Glenfarclas 105° Speyside Single Malt Scotch Whisky

7.8 /10
EDITOR
Type: Single Malt
ABV: 60%
Price: £77.50

There are bottles that announce themselves quietly, and then there is Glenfarclas 105°. At 60% ABV, this is a Speyside single malt that makes no apologies for its intensity. The 105° designation refers to the old British proof scale — a nod to a measurement system that predates most of the marketing gimmicks we endure today. I find that rather appealing.

What we have here is a no-age-statement cask strength expression from one of Speyside's most recognised names. NAS releases can be divisive among whisky enthusiasts, and I understand the scepticism. But context matters. The 105° has been a fixture in the Glenfarclas range for decades, long before NAS became an industry-wide cost management tool. It exists because it was always meant to exist — a full-proof bottling designed to showcase what the spirit can do when you stop diluting it for convenience.

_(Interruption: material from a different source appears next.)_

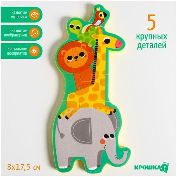 Мягкий пазл для малышей «Пирамидка: Африка», 5 деталей, Крошка Я (№5302620) 5302620"Товары для новорожденных" магазин / опт / розница /маркетплейсЛиквидация магазина! Скидки 50% за наличные!Цена указана с 50% скидкой при покупке за наличные и при предъявлении карточки товара на кассеМагазин точно работает, приходите и выбирайте лично с ПН по ПТ с 10-00 до 18-00; СБ с 11:00 до 17:00Новосибирск, Электрозаводская, 4Покупки в магазине от 1 руб.Доставка по Новосибирску - Яндекс доставка за Ваш счет - оплата за товар перед отправкой.Доставка в другие города - доставка любыми ТК при покупке от 5000 руб, Доставка до ТК 500 руб.*Расцветки в ассортименте. На фото представлен просто пример. Именно этой расцветки может уже не быть.*Наличие именно этой расцветки и этого товара не гарантируем, так как распродажа, много заказов. Остатки обновляем 1 раз в неделю по субботамЗабавные игрушки из мягкого материала не тонут в воде и при намокании приклеиваются к кафелю или ванне.Изделия выполнены в виде пазлов, которые нужно соединять друг с другом, чтобы собрать единую картинку.Игрушки способствуют развитию воображения и мелкой моторики рук малыша.ОбщиеТорговая марка Крошка ЯАртикул 5302620Сертификат ЕАССтрана производитель КитайСостав EVA, PVCСерия Макси-пазлы Крошка ЯУпаковка и фасовкаВ боксе 700 штукФасовка по 10 штукИндивидуальная упаковка Клапан, пакетРазмер упаковки (Длина х Ширина х Высота) 23,5 см х 12 см х 1 смГабариты и весРазмер (Длина х Ширина х Высота) 17,5 см х 0,8 см х 23,5 смВес брутто 20 гОсобенностиНабор ДаЦвет РазноцветныйДля кого УнисексВозраст Детский, Детям от 0 до 3 лет, От 1 годаКоличество элементов 5Тематика Животный мирРисунок ДаМатериал EVAЗвук НетЖанр игры РазвивающаяРазвитие навыков Воображение, Моторика, Фигуры, цветаДополнительные функции РазвивающаяВид пирамидки КлассическаяТип пазлов ГоловоломкиФорма ФигурныйОсобенности Без особенностей

At 60%, this is not a casual dram. It demands a certain respect when you pour it. The weight in the glass is immediately apparent, and the alcohol heat is real, though not punishing in the way some cask strength releases can be. For a Speyside malt at this strength, the expectation is richness — deep fruit character, substantial body, and a sweetness that holds its ground against the alcohol. This is the kind of whisky where a few drops of water are not a compromise but a revelation, opening up layers that the raw proof keeps tightly wound.

Tasting Notes

I have not provided formal tasting notes for this review, as I want to revisit this bottle across several sessions at varying dilutions before committing specifics to the record. What I will say is that the style is unmistakably Speyside — approachable in character despite the formidable strength, with the kind of malt-forward warmth that makes this region the heartland of Scotch whisky for so many drinkers.

The Verdict

At £77.50, the Glenfarclas 105° sits in a competitive space. You can find younger cask strength releases for less, and older sherried malts for not much more. But few bottles at this price offer the same combination of heritage pedigree and sheer power. This is a whisky that rewards patience — patience with water, patience across sessions, patience in letting it settle in the glass. It is not trying to be sophisticated or clever. It is trying to be honest, and it succeeds.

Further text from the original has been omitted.